A WTO annual overview into China commerce coverage in 2022 additionally discovered it had billions in non-declared subsidies, she says. “We found additional . . . subsidies that were not notified by China. We reported it.”
Members wanted to replace the settlement on subsidies and countervailing measures, she says. Nevertheless it couldn’t simply be about China.

“The EU and others are not the only complainants about these issues of a level playing field. China itself complains about subsidies in agriculture. The developing countries complain about the need for them to have what they call policy space to industrialise and for them to be able to give certain subsidies that are not recognised. Green subsidies are not talked about.”
Members have already discovered methods to beat US opposition. The US has lengthy hamstrung the physique’s dispute settlement mechanism by refusing to nominate arbitrators to a panel that hears appeals. This implies it can not subject rulings about what retaliatory measures international locations can take,
However dozens of members, together with the EU and China, have joined another voluntary system and apply its rulings.
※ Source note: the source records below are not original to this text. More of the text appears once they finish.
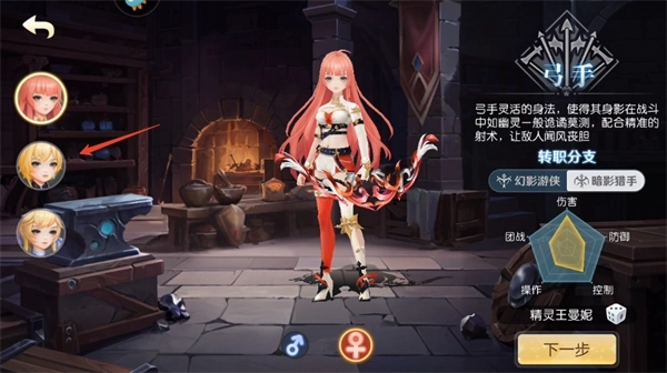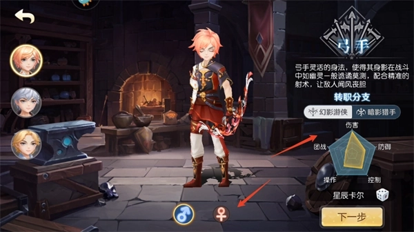 进入游戏首先看到会是弓手,弓手可以转职为幻影游侠和暗影猎手。幻影游侠更注重个人作战能力,伤害拉满且有一定的控制与位移,防御还凑活,团战中更偏单打独斗。
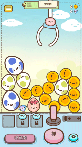 萌宠娃娃机游戏是一款休闲益智的抓娃娃手游,其中采用简约清新的画面进行设计,让你在这里尽情地感受抓娃娃的乐趣。同时游戏的玩法非常的简单,玩家只要操作屏幕右边的杆子和按钮来完成移动和抓取操作,将彩蛋抓上来,成功抓到之后就要开始从彩蛋中孵出娃娃,每个彩蛋孵出来的娃娃都不一样;并且娃娃在孵化的过程中可能还需要相应的金币来加快孵化的过程,这样能早日看到彩蛋里面的娃娃。此外,在萌宠娃娃机游戏中玩家还可以将从彩蛋里面获取的玩具或娃娃集齐到自己的藏品柜里面欣赏,非常的有趣、好玩,感兴趣的朋友不要错过了,快来下载体验一下吧!
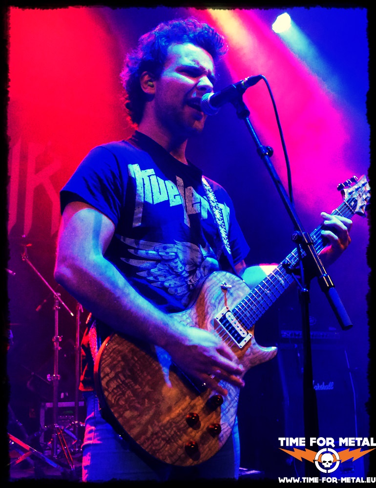 Pünktlich um 20:30 Uhr entern dann auch Vorbid aus Arendal in Norwegen mit dem Song Closed Casket die Bühne. Glücklicherweise haben sich zwischenzeitlich noch ein paar Thrash Metal Begeisterte eingefunden und das Le Grillen füllt sich weiter. Zunächst machen die Jungs ein wenig den Eindruck, als wären sie hier falsch gelandet und das eigentliche Flugziel wäre das Kinderland, doch schnell wird klar, dass der Old School Thrash Metal aus dem Land der Fjorde vollkommen Okay ist. Mit Songs wie Zombie und Invention Intervention vom noch aktuellen Album Mind setzt man sich gekonnt zwischen die großen Klassiker der Bay Area und klingt dabei doch erfrischend jung. Die progressiv gewürzten Songs machen durchaus Spaß und mit den beiden Gitarristen Emanuelsen und Briggs hat man Meister ihres Fachs in den eigenen Reihen. Knallharte Riffs und saubere Soli lassen durchaus den einen oder anderen Headbanger näher an die Bühne treten. Auch die häufigen Tempowechsel und interessanten Songstrukturen machen richtig Spaß und sorgen für ein kurzweiliges Vergnügen. Leider ist aber auch hier nicht alles Gold, was glänzt und Frontmann Michael Eriksen Briggs sollte sich in Zukunft besser aufs Gitarrespielen konzentrieren, denn das hat er drauf. Seine Vocals sind zwar so richtig schön schrill, sorgen sonst aber höchstens für hochgezogene Augenbrauen. Der schwachbrüstige Gesang, welcher besonders bei Crimson Crown so richtig auffällt, geht dann eher in die Richtung, ich will, kann aber nicht. Schade, denn ansonsten haben die Jungs durchaus das richtige Gespür für gute Songs. Nichtsdestotrotz, die noch junge Band schlägt sich recht gut und wird nach dem letzten Song, Garden Of Departure, fairerweise mit Applaus verabschiedet.
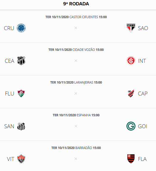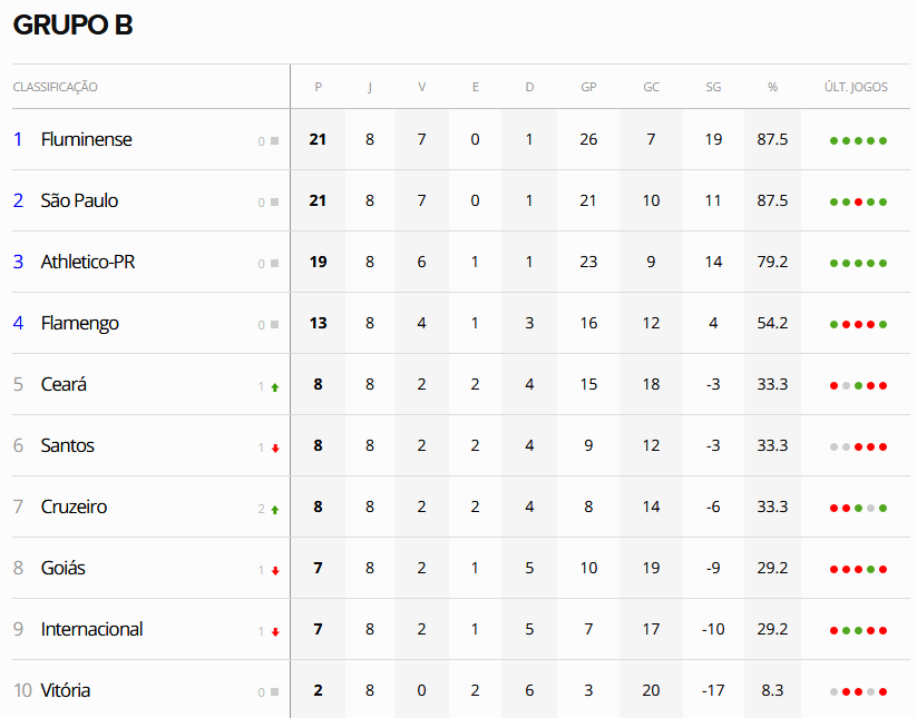 Veja abaixo a classificação e os jogos da 9ª rodada da 1ª fase da competição.
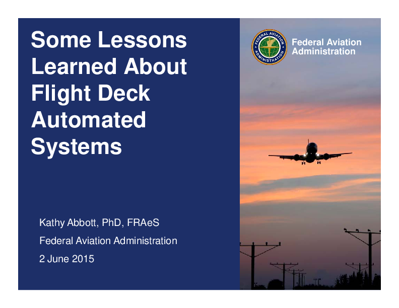 Some lessons learned about flight deck automated systems (automation and safety forum)
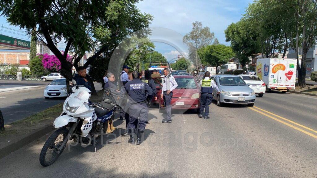 Patrulleros de Tránsito realizaron el peritaje correspondiente para deslindar responsabilidades y retiraron el vehículo involucrado, el cual es uno de la marca Ford Fiesta, color guinda, con placa PMD999C.
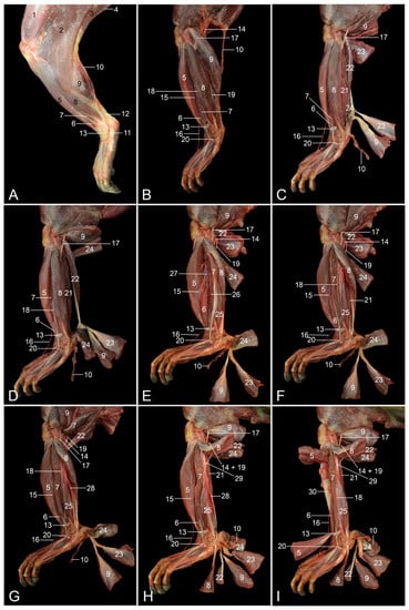 Lateral views of the left lower hindlimb. (A) Superficial layer with the superficial venous system filled with red latex; (B) second layer after the m. biceps femoris was retracted; (C) third layer after the m. gastrocnemius caput laterale, the m. gastrocnemius caput mediale and the v. saphena lateralis were transected and retracted; (D) fourth layer after the m. soleus was transected and the stumps were retracted; (E) fifth layer after the m. plantaris was transected and the stumps were retracted; (F) sixth layer after cranial retraction of the m. extensor digitorum longus and the m. fibularis brevis; (G) seventh layer after the m. fibularis longus and the m. fibularis brevis were separated; (H) eighth layer after the m. fibularis longus was transected and the stumps were retracted; (I) deepest layer after the m. tibialis cranialis was transected and the stumps were retracted. 1: Fascia lata; 2: m. biceps femoris; 3: m. semitendinosus; 4: m. semimembranosus; 5: m. tibialis cranialis; 6: m. extensor digiti primi (hallucis) longus; 7: m. extensor digitorum longus; 8: m. fibularis longus; 9: m. gastrocnemius caput laterale; 10: v. saphena lateralis; 11: v. marginalis lateralis pedis; 12: tendo calcaneus communis; 13: retinaculum proximale; 14: a. + v. poplitea; 15: a. tibialis cranialis; 16: a. dorsalis pedis superficialis; 17: n. fibularis communis; 18: n. fibularis superficialis; 19: n. tibialis; 20: retinaculum distale; 21: m. tibialis caudalis; 22: m. plantaris; 23: m. gastrocnemius caput mediale; 24: m. soleus; 25: m. fibularis brevis; 26: a. tibialis caudalis; 27: n. fibularis profundus; 28: m. fibularis digiti quinti; 29: fibula; 30: tibia.
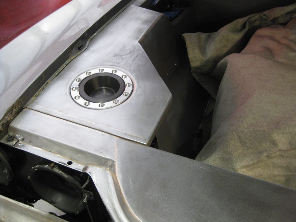 One of the uses we came up with is using the large diameter filler with our universal mounting ring. The bolt pattern is the same as your typical fuel cell mounting ring and slips right over the studs.
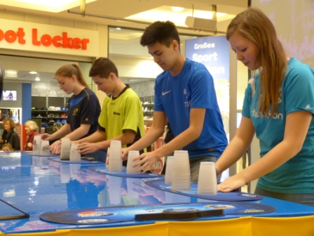 Organisiert vom SST Butzbach e.V., dem führenden Sport Stacking Verein Deutschlands, der dieses Jahr sein 10-jähriges Jubiläum feiert, trafen sich 20 der besten Schnellstapler des Landes, um den Kunden ihren Einkaufsbummel zu versüßen.
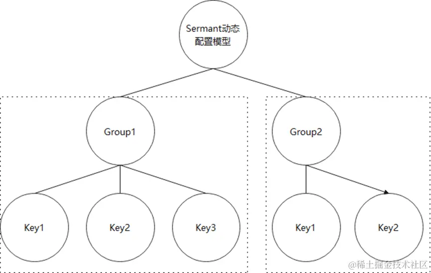 Sermant动态配置模型是一种基于分层模型设计的配置管理方案,它的核心组件包括Group和Key。Sermant通过不同的Group(分组信息)来对配置项进行隔离,使配置管理更具灵活性和可扩展性;同时,通过Key对配置项进行具体属性的标识,实现了对配置项的精准控制和高效维护。
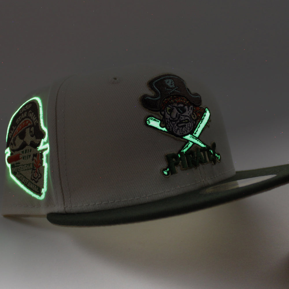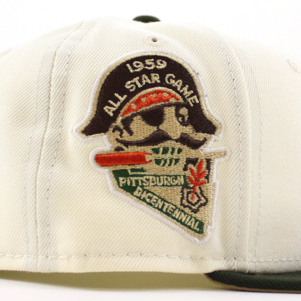 Pittsburgh Pirates 1959 All Star Game New Era 59Fifty Fitted Hat (GITD CHROME WHITE DARK SEAWEED KHAKI Under Brim)
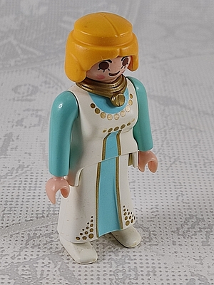 Frau langes Kleid weiß/türkis/gold; goldene Kette

One other group is urgent forward with new guidelines on companies commerce.
“The WTO can be thought of as a football umpire, whose authority can be considerable but is utterly dependent on the players all agreeing that the game needs rules and that it’s helpful to have someone arbitrate them,” says Dmitry Grozoubinski, a former commerce negotiator for Australia and senior adviser at Aurora Macro Methods, a consultancy.
“While the system will not be able to discipline US policy extremes, and may have limits in curtailing the retaliation to them, many members will not want to see it destroyed or abandoned,” he says. “A process and law-driven approach to trade disputes remains attractive to smaller powers that risk being outmatched in bilateral talks by bigger players, and to reflexive institution-builders like the EU.”
However Todd Friedbacher, worldwide commerce accomplice at Sidley, the legislation agency, says the system may nonetheless be splintered by “a domino effect of protectionist responses, as increasingly cheap imports diverted away from the US and towards other countries strain domestic industries”.
“Without a co-ordinated response — such as a return to 1980s-style managed trade — the US tariffs will ultimately drive a wedge between the US’s trading partners, who will fight trade diversion with their own tariff walls. It’s hard to see who wins from the chaos.”
Nonetheless, Friedbacher provides, that can drive international locations to hunt the shelter of regional commerce offers, such because the Complete and Progressive Settlement for Trans-Pacific Partnership spanning 12 international locations from Canada to Japan.
“The CPTPP is a prime candidate for expansion. We could expect accelerated efforts by Indonesia and China to join.”
Ignacio García Bercero, a former European Fee commerce official and visiting fellow on the Bruegel think-tank, says that together with the EU, these international locations may “form a broad coalition of countries that commit to abide by WTO rules in any negotiations with the US or in responding to trade deflection caused by US-China tariffs”.
“The same coalition should develop a common strategy on how to reform the WTO. In so far as the US, China or others become obstacles to such reform, they should be ready to conclude open plurilateral agreements outside the WTO framework,” he says.